Eis a interpretação astrológica…
Os Nódulos Lunares, que podemos compreender como o rumo da história, estão em Gêmeos / Casa 11 (Sul em conjunção com Saturno) e Sagitário / Casa 5 (Norte). A história é um movimento da coletividade controlada pela comunicação (em plena Era do Rádio) para a expansão da expressividade individual, com alguns personagens procurando viver sua própria verdade: o príncipe David dando vazão a seu romance, Lionel fazendo suas tentativas de atuação no teatro.
O Ascendente, que dá o tom da condução da história, que indica como ela é narrada, está em Leão, que sugere tanto um clima de nobreza quanto a busca pela autoestima independente da posição ocupada pelas pessoas envolvidas: o gostar genuíno por gostar, e não o gostar bajulador pela posição ocupada.
O regente do Ascendente é o Sol, indicador do herói, do personagem principal. O Sol em Aquário, conjunto a Júpiter, na Casa 7, sugere um herói não individualizado e não convencional, um herói que é um casal, uma dupla ou uma parceria amigável, podendo mesmo ser essas várias coisas. O herói são dois pares: o casal Albert-Elizabeth e o terapeuta-cliente Lionel-Albert.
A Lua representa o inimigo e as necessidades emocionais. Em Capricórnio, na Casa 5, reflete a ambição e a necessidade de exibir-se. Sua semiquadratura com o Sol sugere resistência. Albert resiste a assumir o trono, embora deseje essa posição. Quando Lionel lhe sugere brigar pelo reinado, Albert o destrata, julgando-o conspirador.
Mercúrio representa os ajudantes ou a própria fala e o pensamento do herói. Na Casa 7, retrógrado em Peixes, é um primeiro indicador do discurso compartilhado, das repetições de comunicação e da compaixão.
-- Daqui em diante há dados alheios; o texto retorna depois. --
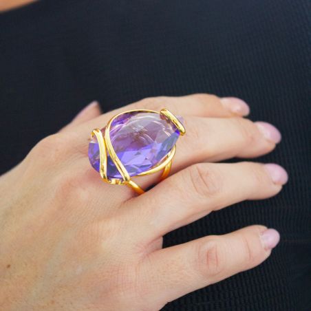 La bague Andrea Marazzini Big Drop Violet est une pièce élégante et imposante, ornée d'un cristal Swarovski violet de 37mm de haut et 22mm de large. Son design audacieux, entouré d'une monture dorée, attire l'attention tout en ajoutant une touche sophistiquée à votre look. Cette bague représente parfaitement le savoir-faire d'Andrea Marazzini, combinant un éclat luxueux avec des lignes fluides et modernes pour un effet spectaculaire.
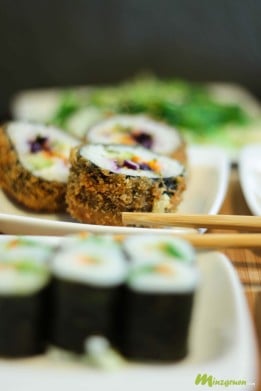 Mittlerweile gibt es viele verschiedene Kombinationen mit Gurke, Avocado, Rettich, Möhre, Algensalat, Frischkäse, Rotkohl, Rucola..
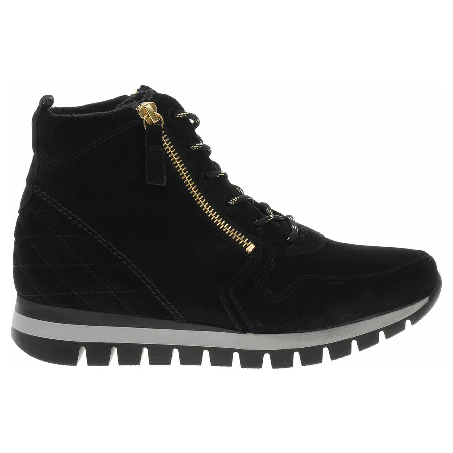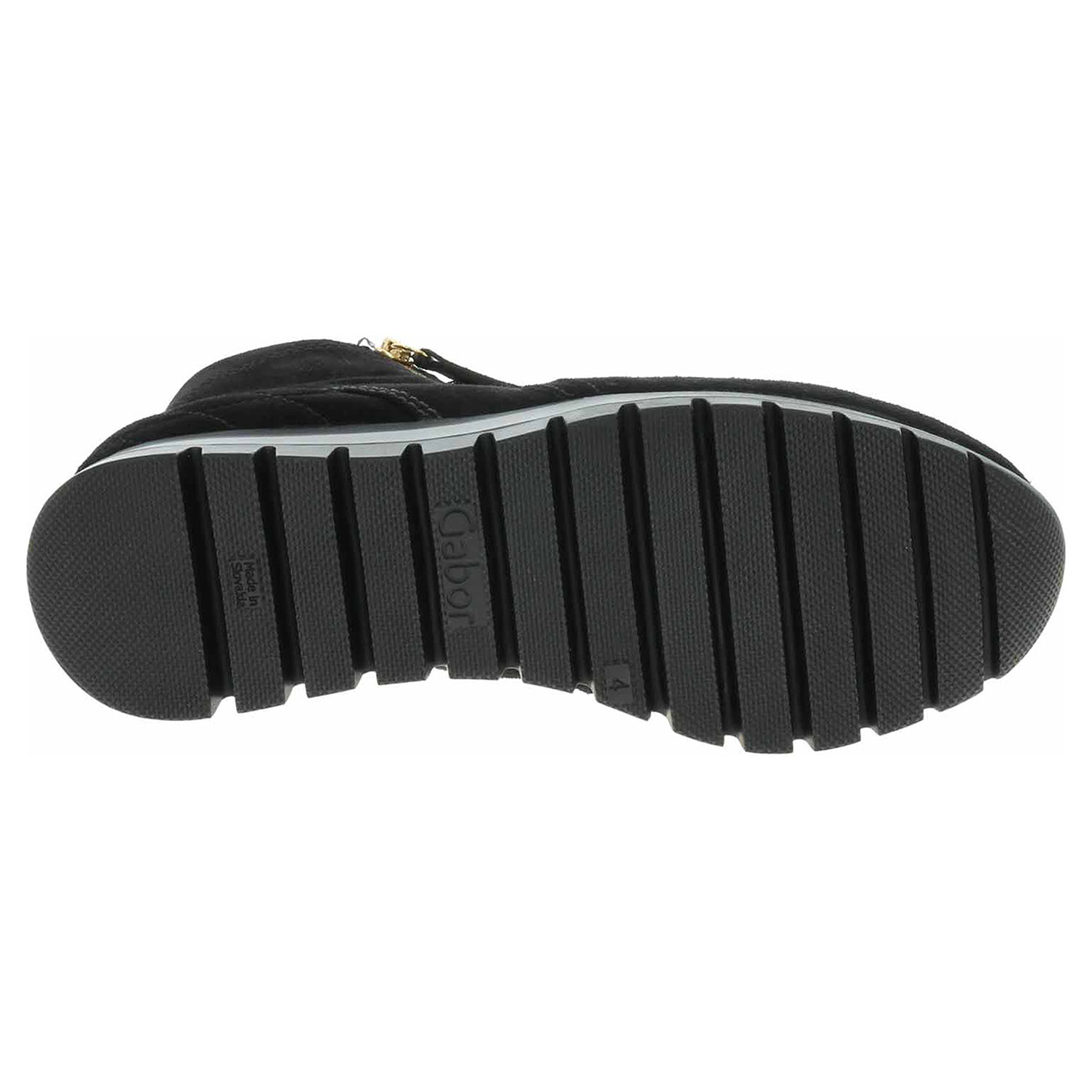 Boty Gabor Comfort - lepená dámská kotníková obuv nadměrné šíře H se svrškem z usně (velur) s textilní podšívkou s chloupkem je pro pohodlné nazouvání vybavená na vnější i na vnitřní straně nártu zipem a šněrováním.Vyndavací stélku OptiFit s textilní nášlapnou vrstvou je možné vyndat za účelem provětrání a omytí. Značnou výhodu nabízejí vyměnitelné vložky do bot také těm uživatelům, kteří používají ortopedické vkládací stélky. Jedná se o obuv obzvláště pohodlné šířky H. U výrobků řady "Comfort" nabízí Gabor obuv šířky H (větší šířka). To znamená, že tato obuv poskytuje ještě více prostoru pro prsty, bříška palců a oblast nártu a tím i více nezbytného pohodlí. Klínek je vysoký 3,5 cm a platforma je vysoká 2,- cm. Lepená obuv - pevnost lepeného spoje může být negativně ovlivněna promáčením nebo propocením, event. opakovaným používáním nedostatečně vysušené obuvi. Při neopatrné chůzi může dojít k mechanickému uvolnění lepeného spoje - ukopnutí.
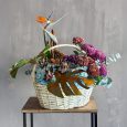 Корзина роз с хризантемами и аспарагусом
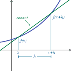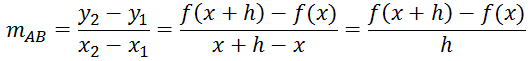 Gradien dari garis sekan yang melalui titik A (x,f(x)) dan titik B(x+h,f(x+h)) dapat dituliskan sebagai berikut:

Durante os discursos oficiais, enquanto Albert falava ao microfone, Lionel falava junto com ele, em off.
Vênus representa as mulheres. Em Capricórnio, indica a fortaleza e a disposição de seguir em frente, bem como uma certa frieza antipática. Embora seja carinhosa com Albert, Elizabeth se revela bastante dura nos demais contatos com outros personagens. A rainha também mal consegue abraçar seu filho David quando o rei George V morre. E a americana é fria e distante. Na Casa 6, indica mulheres a serviço, como Elizabeth, sempre a serviço de Albert, e também o trabalho (Casa 6) com a voz (Vênus).
Marte representa os homens. Conjunto ao Meio do Céu, aponta para a necessidade de projeção pública, presente no rei George V, em Albert, em Lionel. Marte está em exílio, em Touro, indicando o retardamento da assertividade em prol de sua continuidade. Os homens são persistentes: não saem na frente, mas perseveram e alcançam seus objetivos.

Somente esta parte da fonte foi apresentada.